▸ Exercise prompt: Make an exact copy of the lines from the one containing "(5328) in Light" through the end of the records below, and leave out every picture.

▸ Given entries:
——

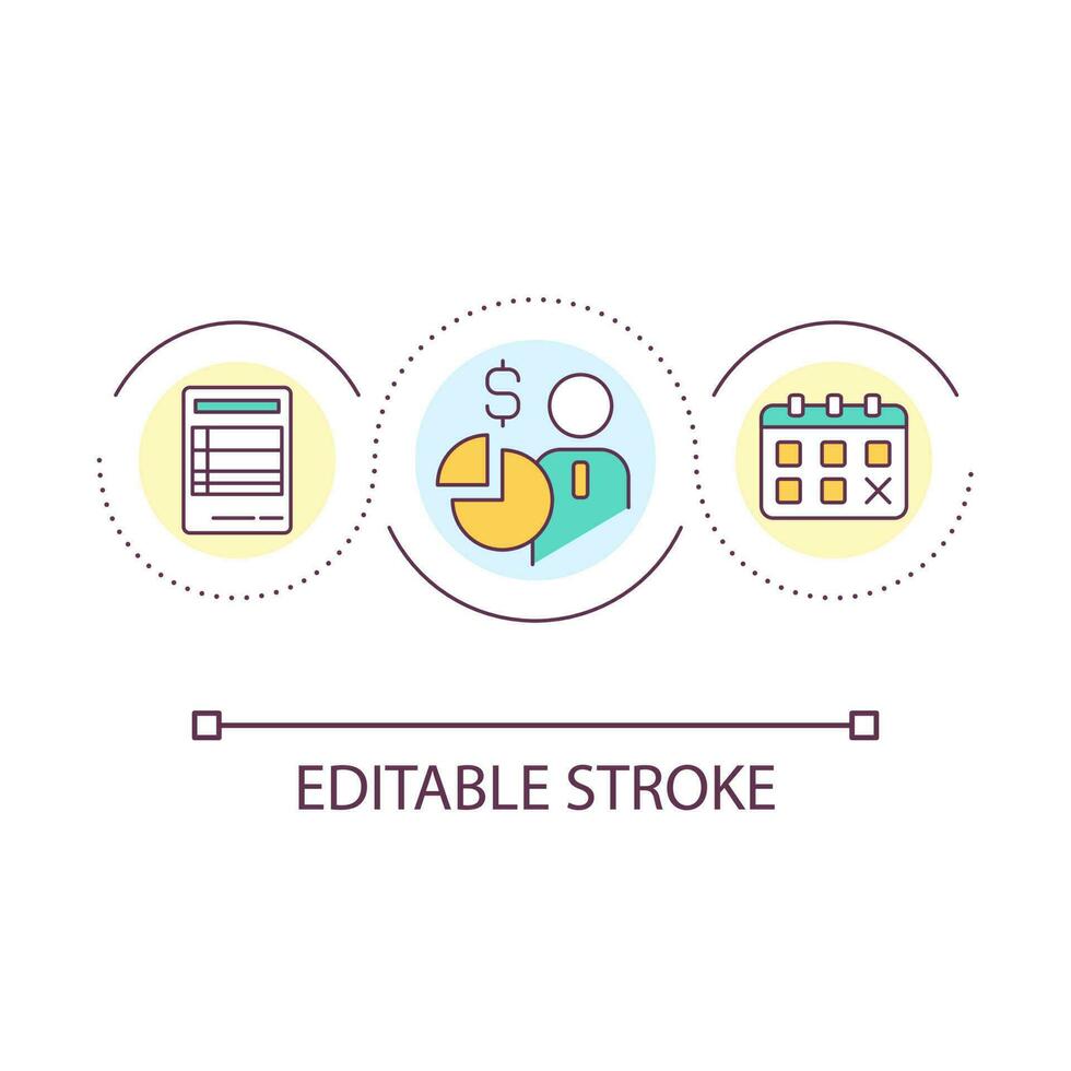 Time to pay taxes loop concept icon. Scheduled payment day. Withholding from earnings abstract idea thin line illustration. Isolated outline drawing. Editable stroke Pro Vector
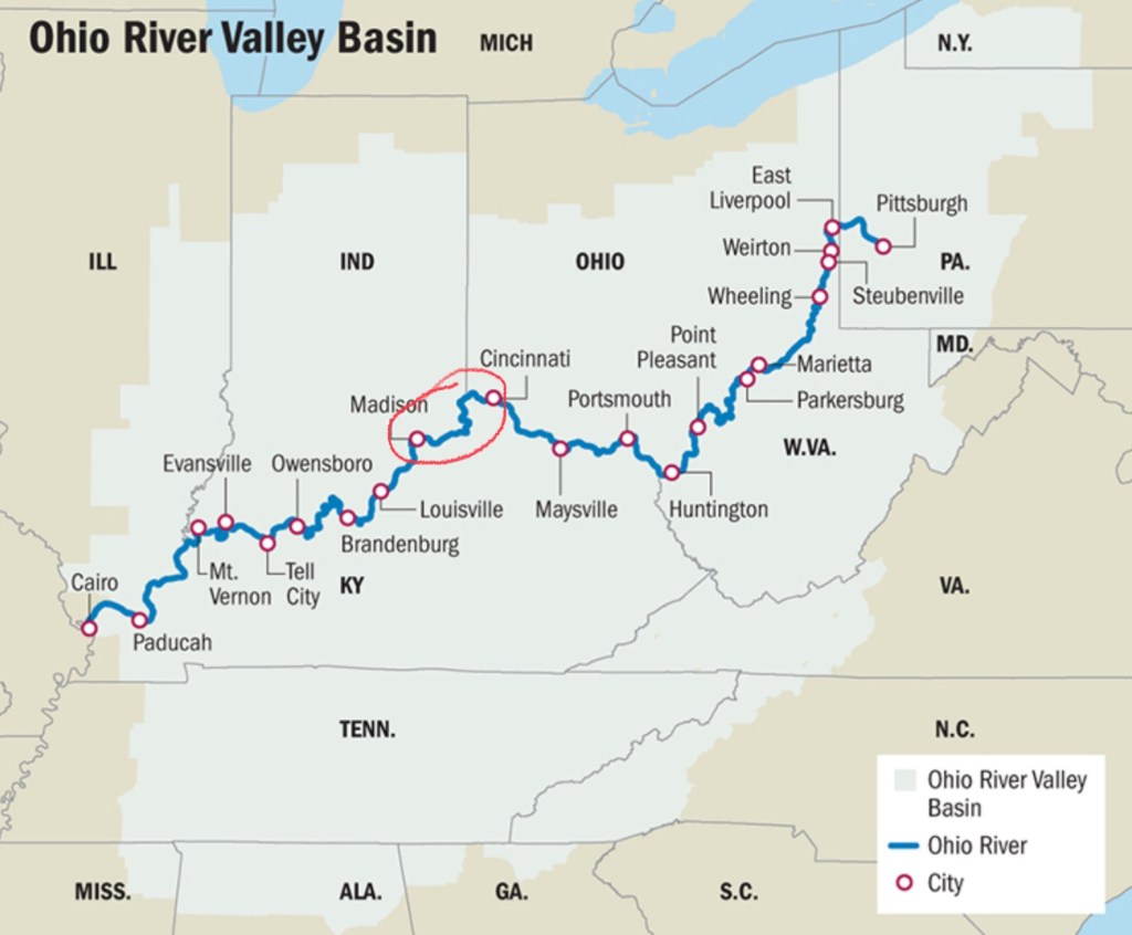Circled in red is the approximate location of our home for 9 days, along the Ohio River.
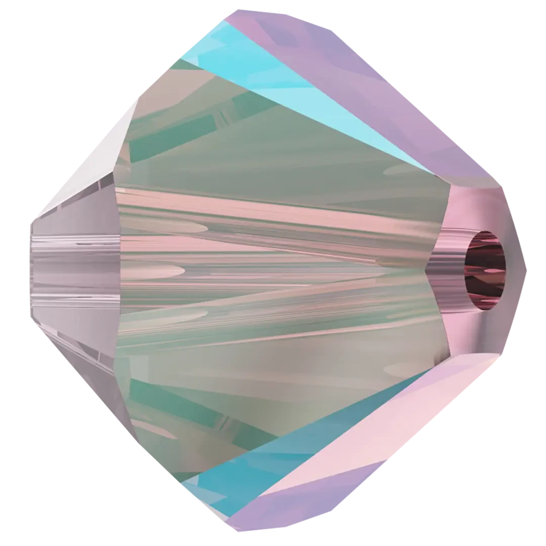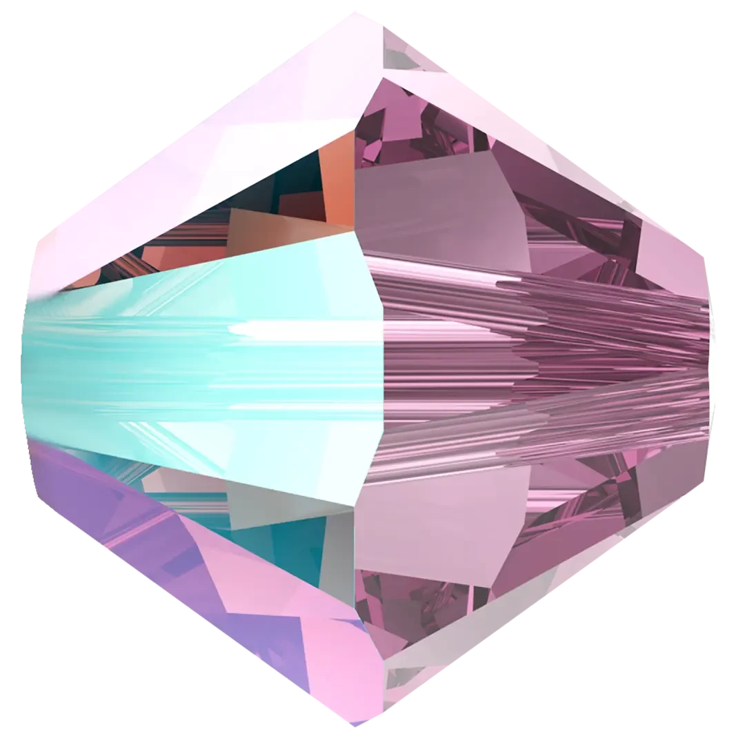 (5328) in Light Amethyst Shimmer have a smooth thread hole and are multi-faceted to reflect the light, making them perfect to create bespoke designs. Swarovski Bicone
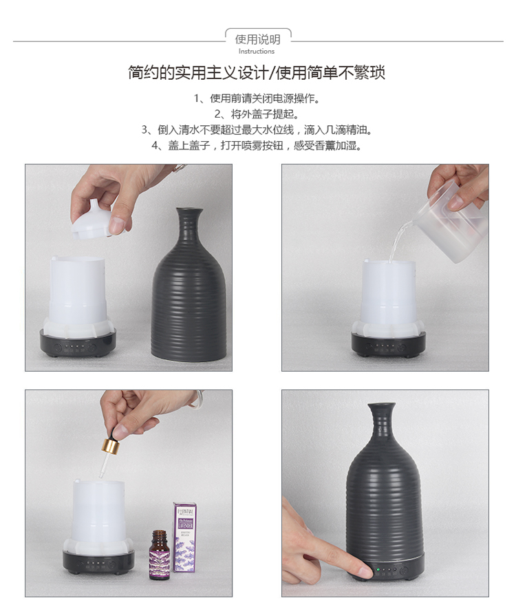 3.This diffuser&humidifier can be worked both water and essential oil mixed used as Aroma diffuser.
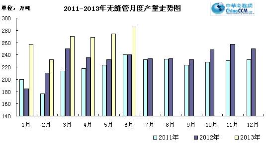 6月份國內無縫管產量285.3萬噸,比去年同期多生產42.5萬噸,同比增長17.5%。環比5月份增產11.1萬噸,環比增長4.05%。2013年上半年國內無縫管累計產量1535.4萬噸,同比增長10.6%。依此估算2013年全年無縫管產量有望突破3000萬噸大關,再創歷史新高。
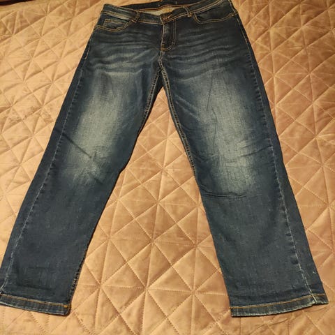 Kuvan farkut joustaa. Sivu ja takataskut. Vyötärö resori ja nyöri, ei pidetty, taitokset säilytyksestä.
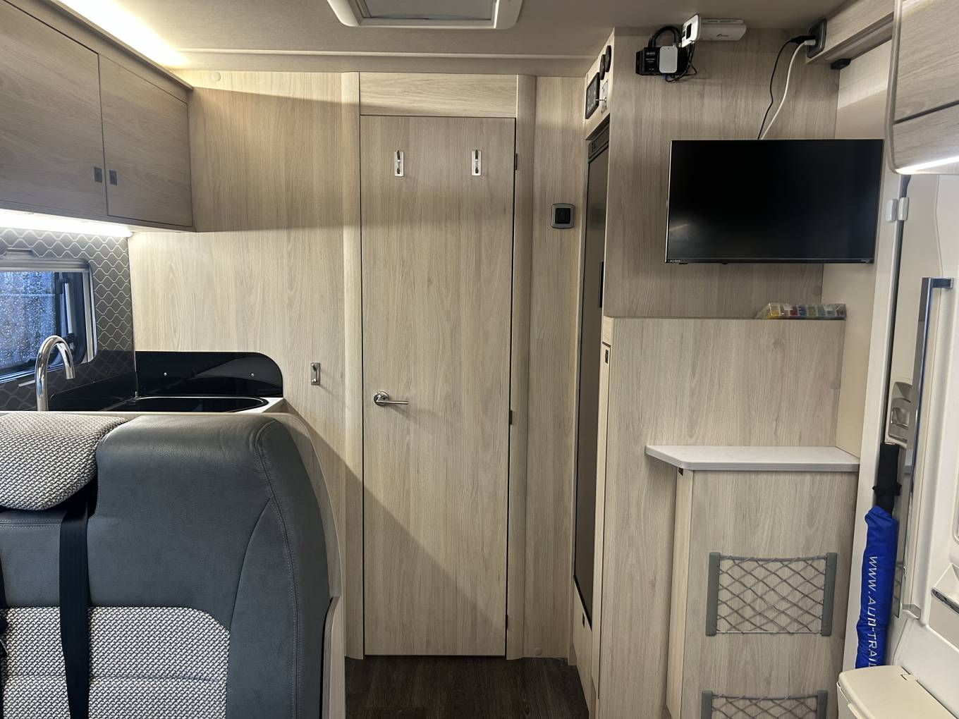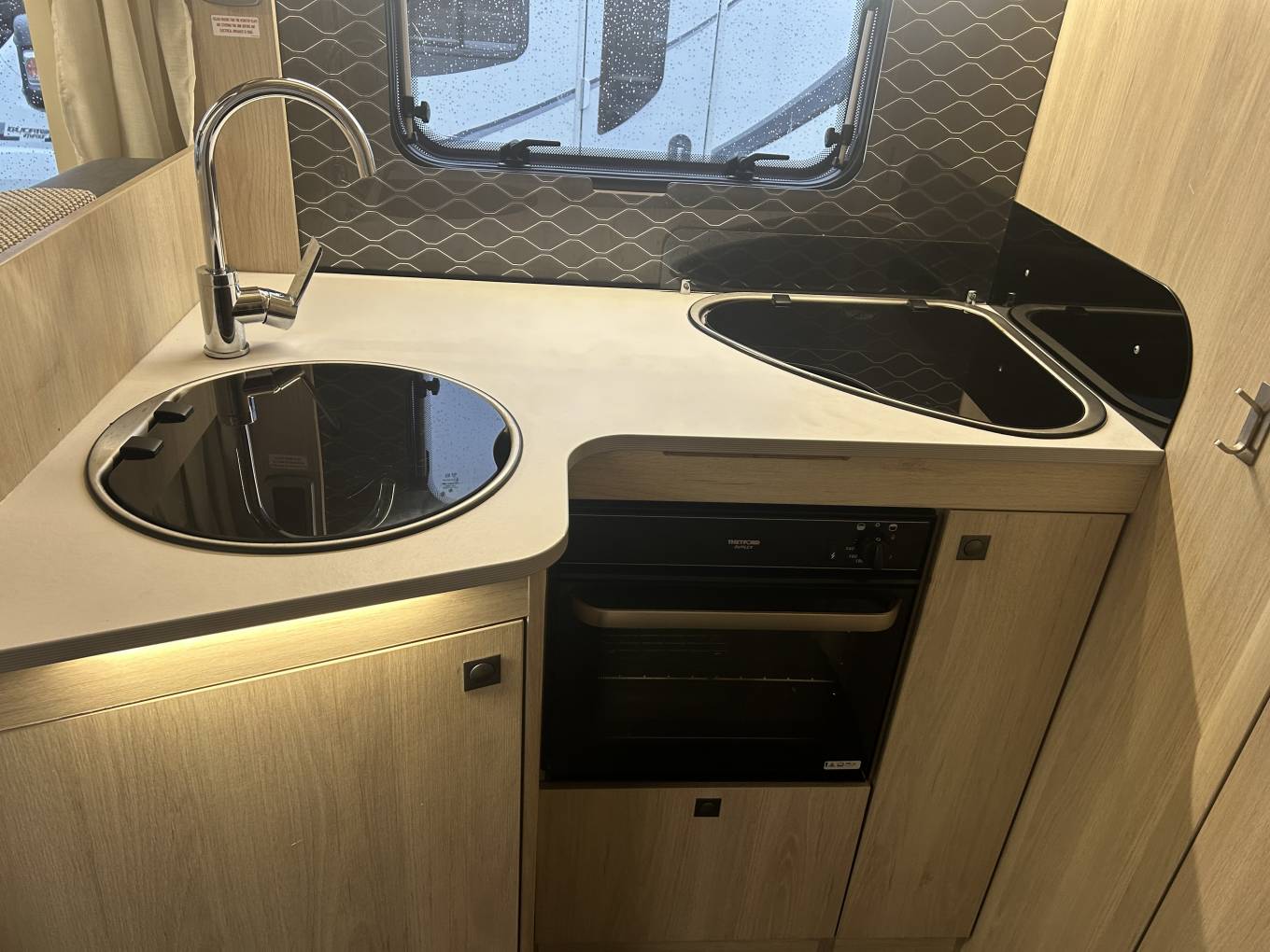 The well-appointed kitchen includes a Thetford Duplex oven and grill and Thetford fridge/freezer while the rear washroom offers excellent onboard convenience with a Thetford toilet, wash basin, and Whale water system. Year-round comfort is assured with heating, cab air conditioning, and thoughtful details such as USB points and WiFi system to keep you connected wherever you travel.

——

▸ Output for this exercise:
 (5328) in Light Amethyst Shimmer have a smooth thread hole and are multi-faceted to reflect the light, making them perfect to create bespoke designs. Swarovski Bicone
 3.This diffuser&humidifier can be worked both water and essential oil mixed used as Aroma diffuser.
 6月份國內無縫管產量285.3萬噸,比去年同期多生產42.5萬噸,同比增長17.5%。環比5月份增產11.1萬噸,環比增長4.05%。2013年上半年國內無縫管累計產量1535.4萬噸,同比增長10.6%。依此估算2013年全年無縫管產量有望突破3000萬噸大關,再創歷史新高。
 Kuvan farkut joustaa. Sivu ja takataskut. Vyötärö resori ja nyöri, ei pidetty, taitokset säilytyksestä.
 The well-appointed kitchen includes a Thetford Duplex oven and grill and Thetford fridge/freezer while the rear washroom offers excellent onboard convenience with a Thetford toilet, wash basin, and Whale water system. Year-round comfort is assured with heating, cab air conditioning, and thoughtful details such as USB points and WiFi system to keep you connected wherever you travel.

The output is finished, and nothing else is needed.